Deze tekst heeft de volgende tekst(en) gewijzigd:

1980080801  1989021006 



Uitvoeringsbesluit(en):



Artikels:

Artikel 1. Deze wet regelt een aangelegenheid als bedoeld in artikel 77 van de Grondwet.

Art.2. In artikel 31ter van de bijzondere wet van 8 augustus 1980 tot hervorming der instellingen, ingevoegd bij de bijzondere wet van 16 juli 1993 en laatstelijk gewijzigd bij de bijzondere wet van 6 januari 2014, worden de volgende wijzigingen aangebracht :
  1° paragraaf 1bis, tweede lid, wordt aangevuld met de volgende zin :
  "De vergoedingen, wedden of presentiegelden van bijzondere functies, zoals vastgesteld door het reglement van het Parlement, worden eveneens in aanmerking genomen voor de berekening van het bedrag.";
  2° een paragraaf 1ter wordt ingevoegd, luidende :
  " § 1ter. De voorzitter van het Parlement is niet onderworpen aan paragraaf 1bis.".

Art.3. Artikel 25, § 1bis, van de bijzondere wet van 12 januari 1989 met betrekking tot de Brusselse instellingen, ingevoegd bij de bijzondere wet van 4 mei 1999 en gewijzigd bij de bijzondere wet van 27 maart 2006, wordt vervangen als volgt :
  " § 1bis. Het bedrag van de vergoedingen, wedden of presentiegelden, ontvangen als bezoldiging voor de door het lid van het Parlement naast zijn parlementair mandaat uitgeoefende activiteiten, mag de helft van het bedrag van de met toepassing van paragraaf 1 toegekende vergoeding niet overschrijden.
  Voor de berekening van dat bedrag komen in aanmerking de vergoedingen, wedden of presentiegelden voortvloeiend uit de uitoefening van een openbaar mandaat, openbare functie of openbaar ambt van politieke aard.
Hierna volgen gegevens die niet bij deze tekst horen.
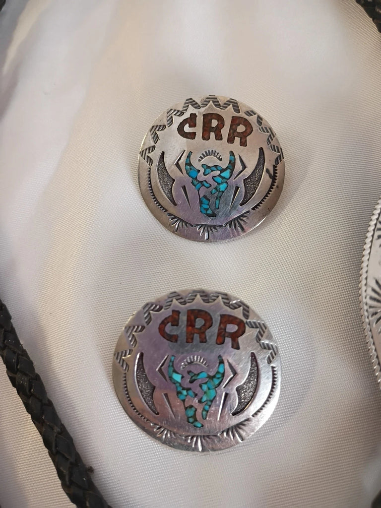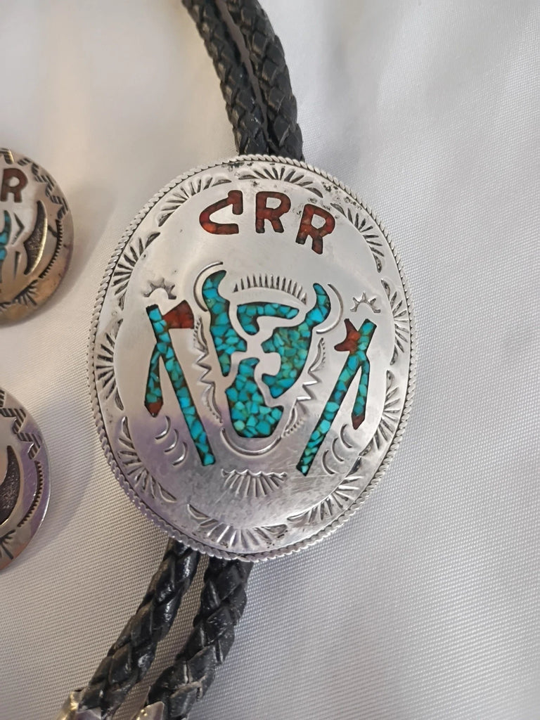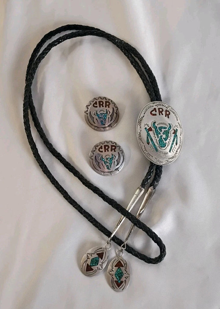 Southwestern jewelry set. Bolo tie & earrings. Sterling silver with turquoise and coral chip inlay. Each reads "CRR"; likely a ranch abbreviation. Bolo has ornate ovular tassels on the tips with the same inlay in tribal patterns. Long horn design on both the earrings and bolo pendant. Bolo is black braided leather and measures 22"L (including tips), pendant is a 2" oval. Earrings each measure appx 1.25" circles. All in superb condition.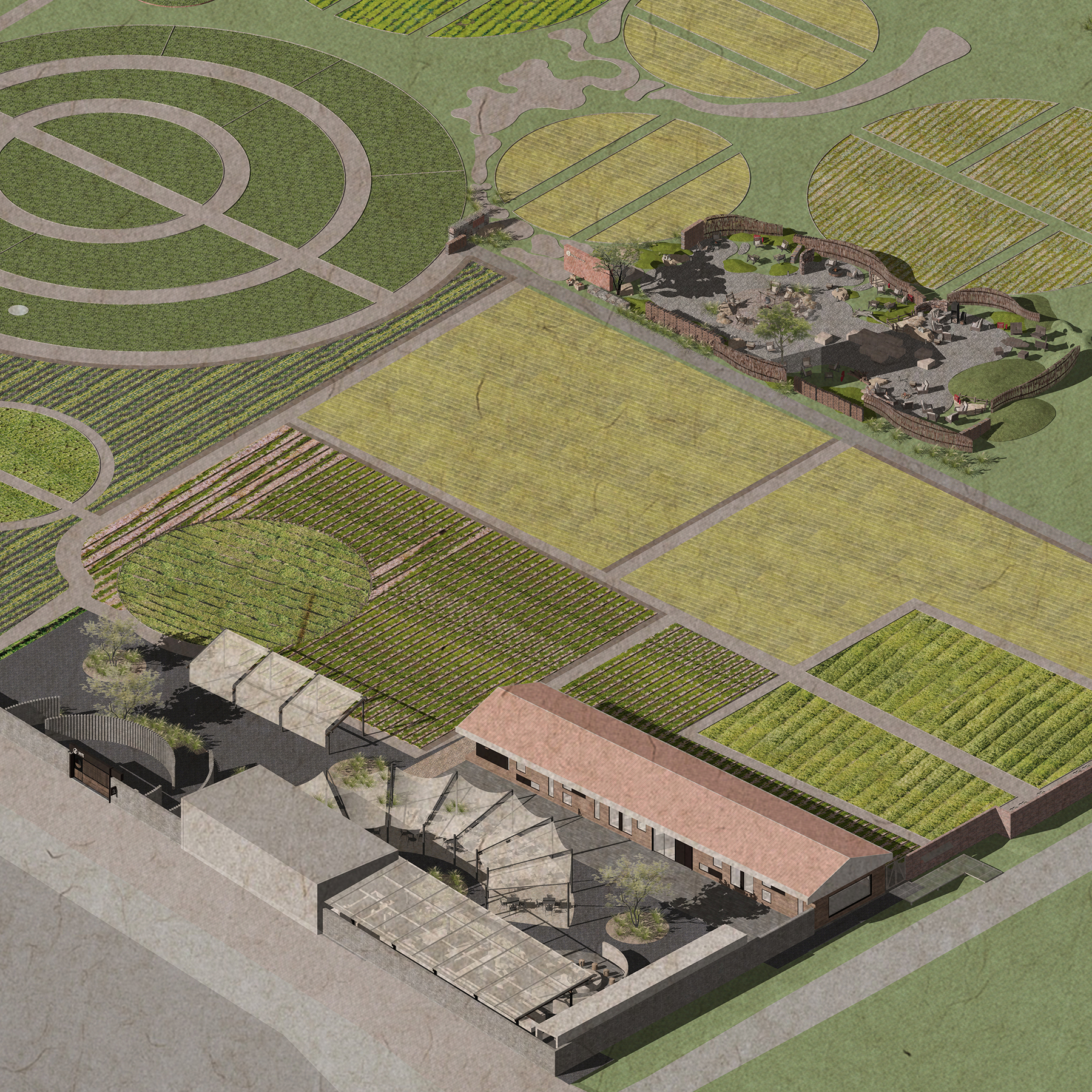 설계를 맡은 Fon Studio는 농업과 요리를 디자인의 출발점으로 삼았다. 흙과 돌로 만들어진 고대 조리 도구 ‘자오(Zao)’의 개념과 농장의 생동하는 풍경을 결합해, 식사와 농업 체험, 가족 간의 교류가 자연스럽게 이어지는 복합적 장소를 구상했다. 약 40에이커 규모의 농지와 기존 온실은 이 프로젝트의 물리적 기반이 되었고, 프로그램과 동선은 풍경을 따라 점진적으로 펼쳐진다.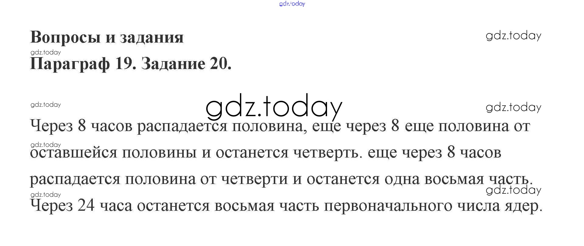 На страницах сайта gdz.today вы найдете учебный и вспомогательный материал, направленный на улучшения знаний школьной программы. ГДЗ - онлайн мир знаний Задание 19. Атомное ядро. Радиоактивность 20 Учебнику по Физике для 9 класса Генденштейн, Булатова Мнемозина 2010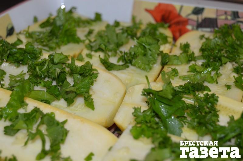 Петрушку помойте и мелко порубите. Посыпьте зеленью кабачки.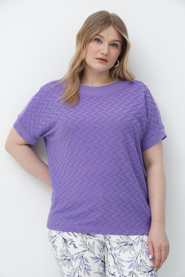 Футболка изготовлена из мягкой и приятной к телу вискозы с добавлением полиэстера и эластана, благодаря чему она хорошо держит форму и не мнется. Текстурная поверхность придает изделию оригинальность и изысканность.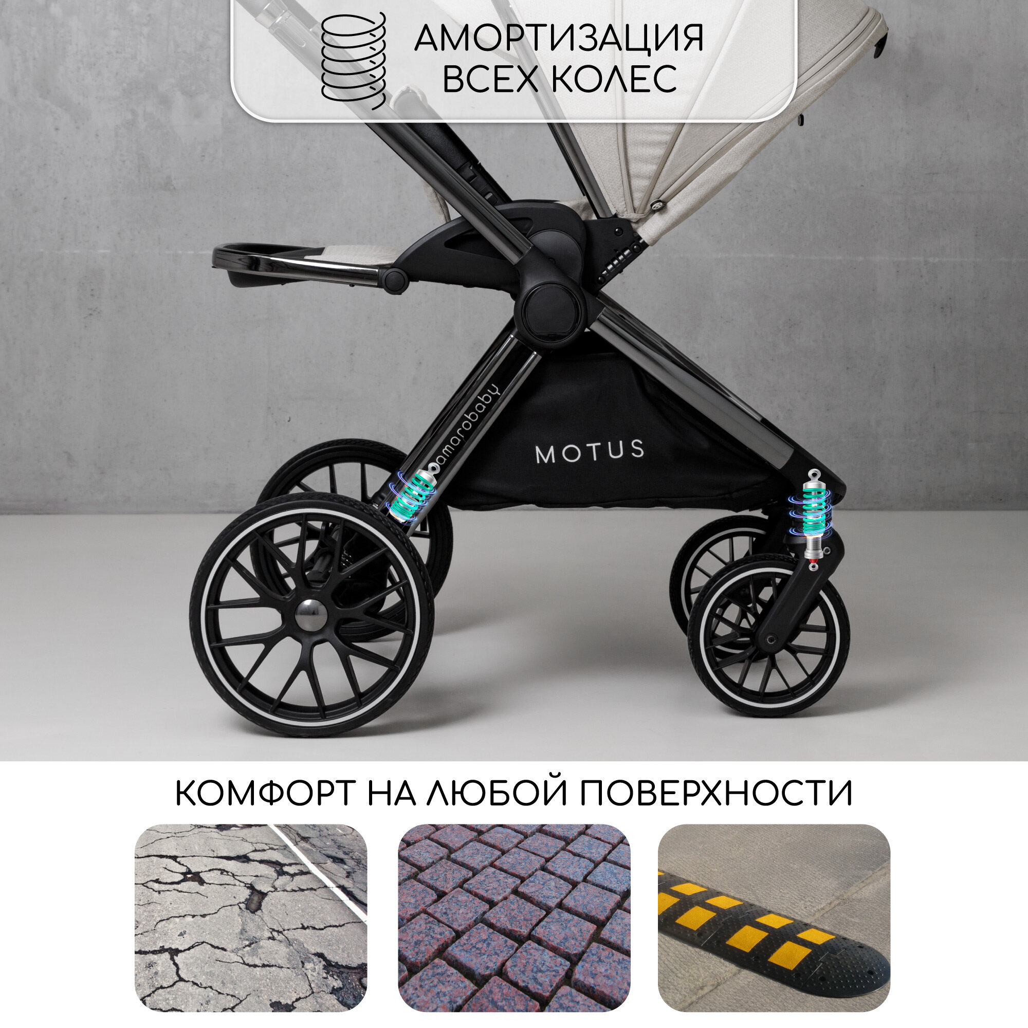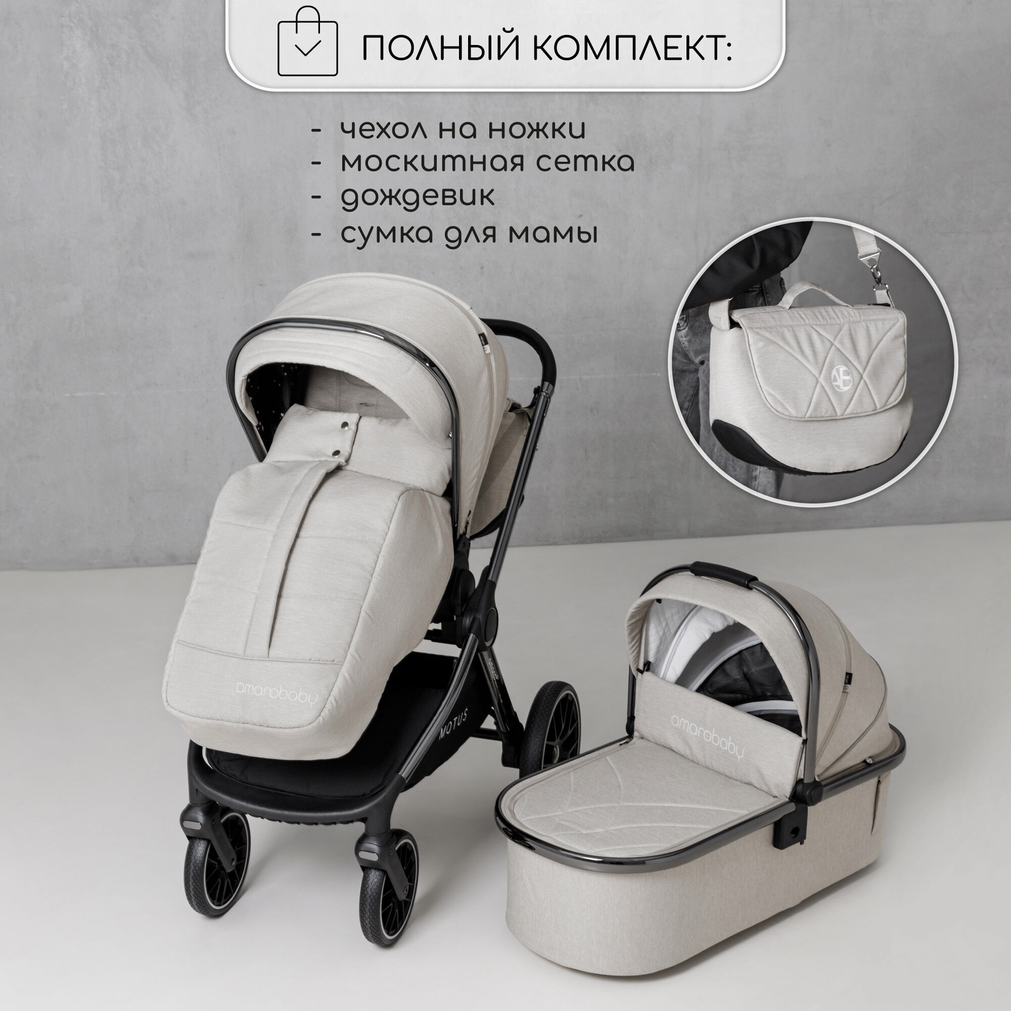 Коляска детская 2 в 1 Amarobaby Motus, белый интересное: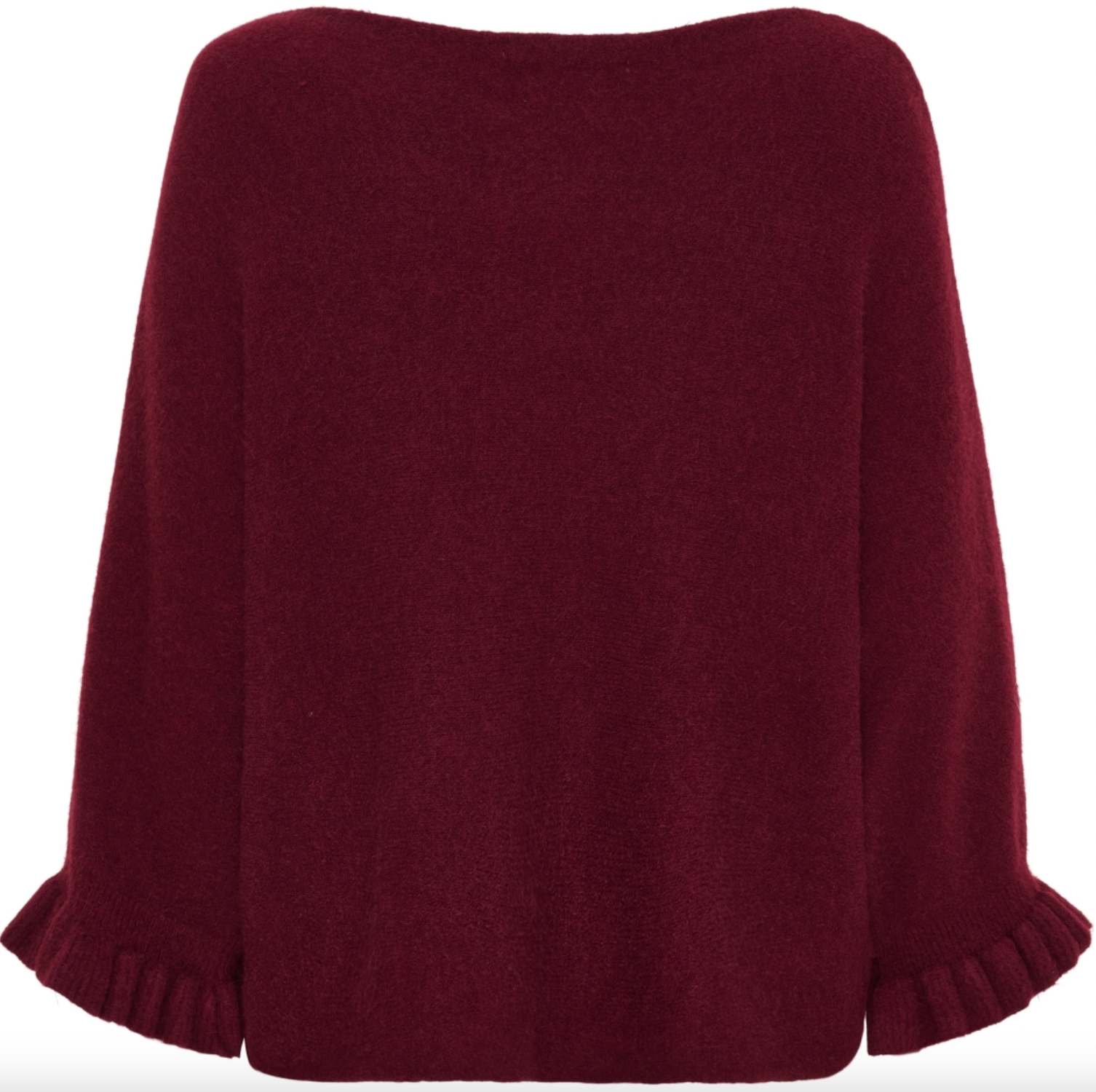 Strikken er laget i akryl og har et enkelt, ensfarget uttrykk, hvor den klare røde fargen får lov til å stå i fokus. Volangkanten på ermene tilfører en lett og feminin detalj, som gir strikken karakter uten å virke tung.

Daaronder vallen onder meer de vergoedingen rechtstreeks of onrechtstreeks ontvangen ingevolge de uitoefening van functies in raden van bestuur, de adviesraden en de directiecomités :
  a) van de intercommunale en interprovinciale verenigingen;
  b) van de rechtspersonen waarop een overheid of verschillende overheden samen rechtstreeks of onrechtstreeks een overheersende invloed uitoefenen :
  - door ofwel met deze rechtspersonen een beheerscontract of bestuursovereenkomst af te sluiten;
  - door ofwel, rechtstreeks of onrechtstreeks, meer dan de helft van de leden van het bestuurs-, beheers-, of directieorgaan aan te wijzen of door een of meerdere personen aan te wijzen die het toezicht in hun midden moeten uitoefenen;
  - door ofwel, rechtstreeks of onrechtstreeks, de meerderheid van het geplaatst kapitaal te bezitten;
  - door ofwel, rechtstreeks of onrechtstreeks, te beschikken over de meerderheid van de stemmen verbonden aan de door de rechtspersoon uitgegeven aandelen;
  c) van rechtspersonen waarin het parlementslid door een beslissing van een overheid deel uitmaakt van de raad van bestuur, de adviesraad of het directiecomité.
  De vergoedingen, wedden of presentiegelden voortvloeiend uit de uitoefening van bijzondere functies zoals vastgesteld door het reglement van het Parlement, van de verenigde vergadering van de Gemeenschappelijke Gemeenschapscommissie, van de vergadering van de Franse Gemeenschapscommissie of van de vergadering van de Vlaamse Gemeenschapscommissie, worden eveneens in aanmerking genomen voor de berekening van het bedrag.
  Zo het in het eerste lid vastgestelde plafond wordt overschreden, wordt de in paragraaf 1 vastgestelde vergoeding verminderd, behalve wanneer het mandaat van lid van het Parlement wordt gecumuleerd met een mandaat van burgemeester, schepen of voorzitter van een raad voor maatschappelijk welzijn. In dat geval wordt de wedde van burgemeester, schepen of voorzitter van een raad voor maatschappelijk welzijn verminderd.
  Nemen de in het eerste en tweede lid vermelde activiteiten een aanvang of een einde tijdens de duur van het parlementair mandaat, dan brengt het lid de parlementsvoorzitter daarvan op de hoogte.
  Het reglement van het Parlement stelt nadere regels voor de uitvoering van deze bepalingen.
  De bepalingen van deze paragraaf zijn niet van toepassing op de voorzitter van het Parlement, van de verenigde vergadering van de Gemeenschappelijke Gemeenschapscommissie, van de vergadering van de Franse Gemeenschapscommissie of van de vergadering van de Vlaamse Gemeenschapscommissie.".

Art. 4. Deze wet treedt in werking bij de eerstvolgende algehele vernieuwing van de Kamer van volksvertegenwoordigers na de bekendmaking van deze wet in het Belgisch Staatsblad.